Why you’re out there –
Winter sunrise at Hardware Ranch Wildlife Management Area, Utah

Better Living Through Chemistry
I had a chemistry set when I was a kid. Hidden in a red metal fold-out box, its shelves held mysterious and colorful potions just waiting to be mixed up.

In college, I discovered what most of those potions were for. Every fall semester around homecoming, the head of the chemistry department did a demo. Among other things, he created layers of the school’s orange and blue colors in a beaker to rouse school spirit. It was a good show, but not enough to convince me to be a chem major. Nope, I went for electrical engineering instead.

Battery Gas Gauge
Years later in Silicon Valley, I designed a chip to monitor charge in and out of a battery, so you’d know how much juice you had left. It had to work with NiCad, NiMH and LiIon battery chemistries.

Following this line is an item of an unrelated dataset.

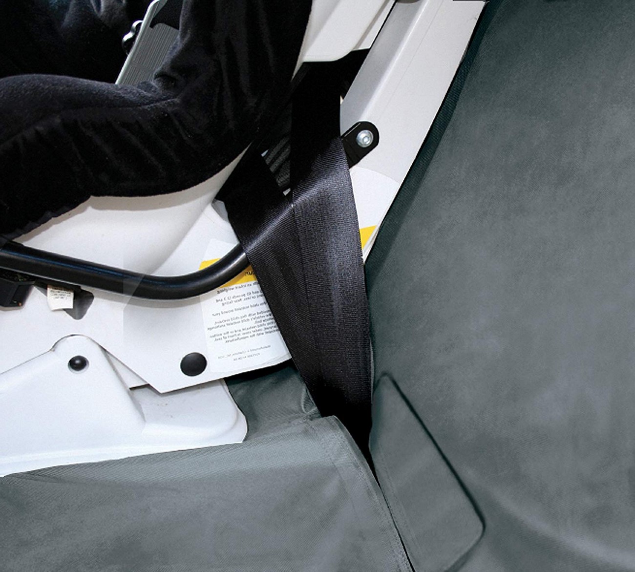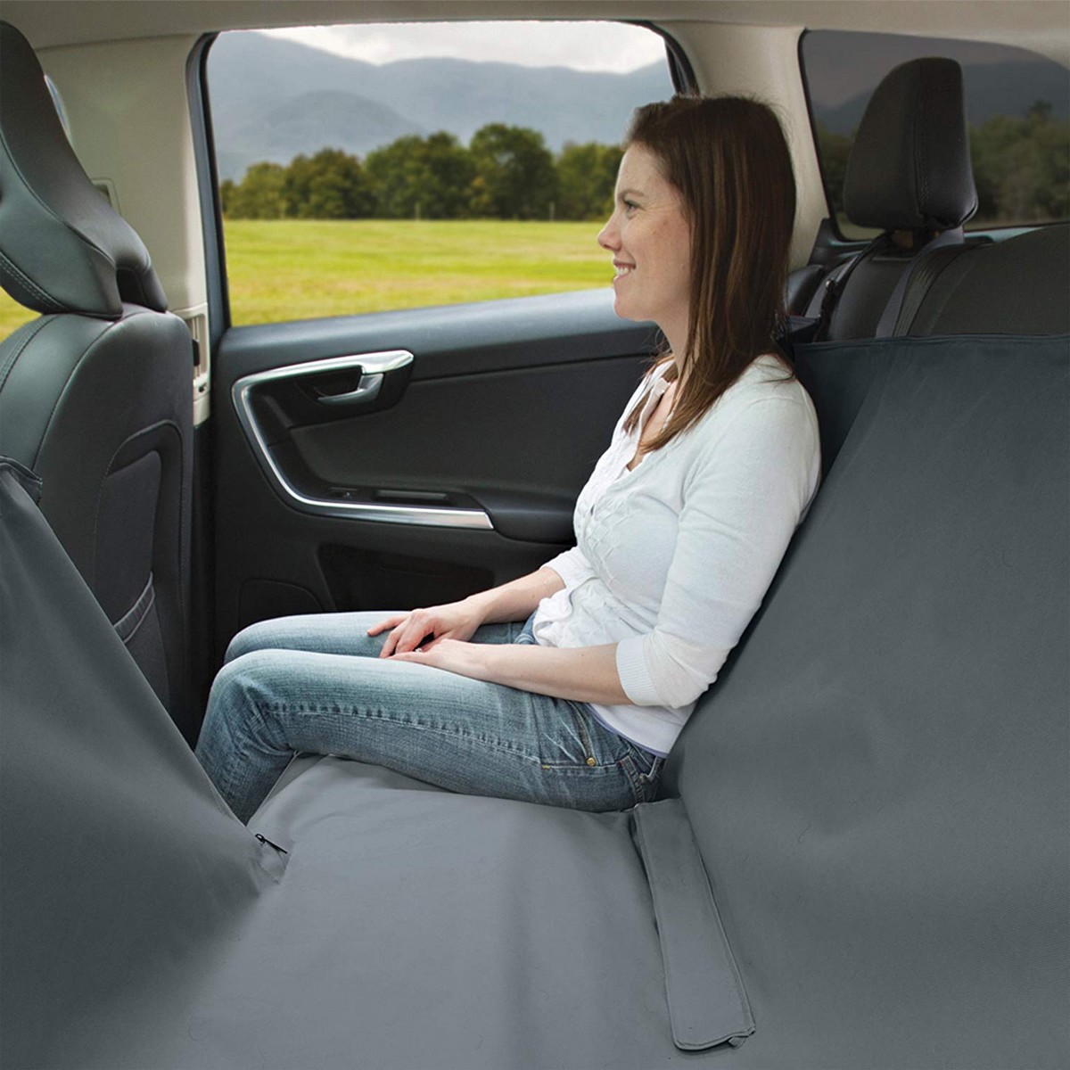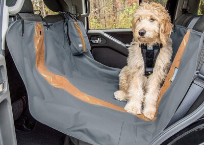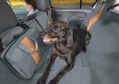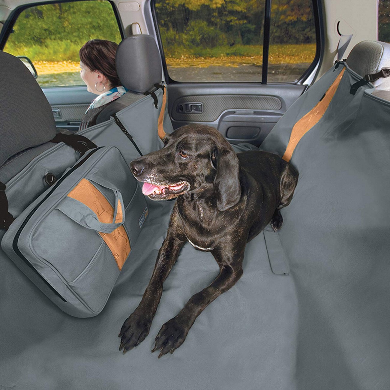 - Fermeture zippée centrale pour permettre à un passager de s’asseoir sur la banquette arrière avec le chien, Ouvertures dissimulées pour ceintures de sécurité, sangles d’attache pour chien et crochets d’ancrage pour siège enfant, Coutures résistantes, Sac de transport assorti inclus

During my design research, I quickly discovered technical proof for what I already knew – LiIon batteries run out of juice faster at cold. You get lower voltage, but you also get less current. Since the switching regulators in most cameras can handle some voltage variation, that’s not a problem. But current capacity drops by half between 23 C (73.4 degrees F, room temperature) and 0 C (32 degrees F, freezing). By the time that winter temperature heads to -10 C (14 degrees F), you’ve lost 80% of your juice. You won’t be outside long with your camera between battery swaps in Utah or Colorado winters.

Always Carry Spares
I hate bricked cameras. I carry 1-2 spare batteries for each camera I’m using, so I won’t be short of power. Battery chemistry has come far enough to allow me at least 2 hours of camera use per battery in 10-20 degree F temperatures. I’m usually too cold and come in by the time one of them craps out, and I charge them religiously every night. I conserve battery power by always shutting off cameras between shots. With relatively fast power-on times and landscape subjects, I don’t lose any shots.

Years ago, I was caught at end-of-roll film exposure 36 when a top-seed downhill bike racer made his only run of the day. With digital, I do my very best to always have available memory cards and charged batteries.

So what do you do to make cold weather photography tolerable?



The well dressed photographer – Mark at Hardware Ranch WMA, Utah

1. Dress in layers. I always wear a liner shirt and long johns from REI or Patagonia. I’ll wear 511 Tac Pants (part of many park rangers’ uniforms), fleece shirt, and either a down jacket if it’s very cold or a fleece WindWall 2 jacket if it’s not. Either way, I’ll add a scarf, ends tucked inside the coat.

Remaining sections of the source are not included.